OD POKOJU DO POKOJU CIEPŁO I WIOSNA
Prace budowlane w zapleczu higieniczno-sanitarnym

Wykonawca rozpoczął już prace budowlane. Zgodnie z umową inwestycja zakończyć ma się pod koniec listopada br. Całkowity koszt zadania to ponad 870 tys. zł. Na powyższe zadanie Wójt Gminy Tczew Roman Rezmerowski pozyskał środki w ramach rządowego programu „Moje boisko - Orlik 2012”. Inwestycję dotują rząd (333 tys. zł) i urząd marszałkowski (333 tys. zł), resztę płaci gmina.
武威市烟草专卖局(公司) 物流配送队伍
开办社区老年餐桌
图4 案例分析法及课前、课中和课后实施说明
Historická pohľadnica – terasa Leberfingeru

════════

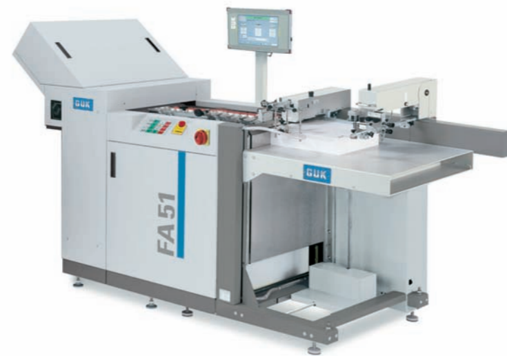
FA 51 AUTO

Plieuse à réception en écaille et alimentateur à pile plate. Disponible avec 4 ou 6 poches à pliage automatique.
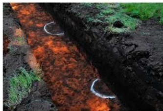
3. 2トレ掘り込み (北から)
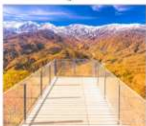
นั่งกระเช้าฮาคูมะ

════════

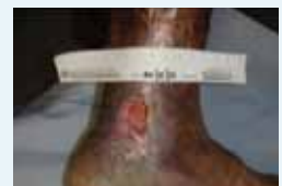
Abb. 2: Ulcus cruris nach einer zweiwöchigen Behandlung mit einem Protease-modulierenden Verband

════════

Scan the entries above for the word "budowlane". Report the lines that hold it.

Prace budowlane w zapleczu higieniczno-sanitarnym
Wykonawca rozpoczął już prace budowlane. Zgodnie z umową inwestycja zakończyć ma się pod koniec listopada br. Całkowity koszt zadania to ponad 870 tys. zł. Na powyższe zadanie Wójt Gminy Tczew Roman Rezmerowski pozyskał środki w ramach rządowego programu „Moje boisko - Orlik 2012”. Inwestycję dotują rząd (333 tys. zł) i urząd marszałkowski (333 tys. zł), resztę płaci gmina.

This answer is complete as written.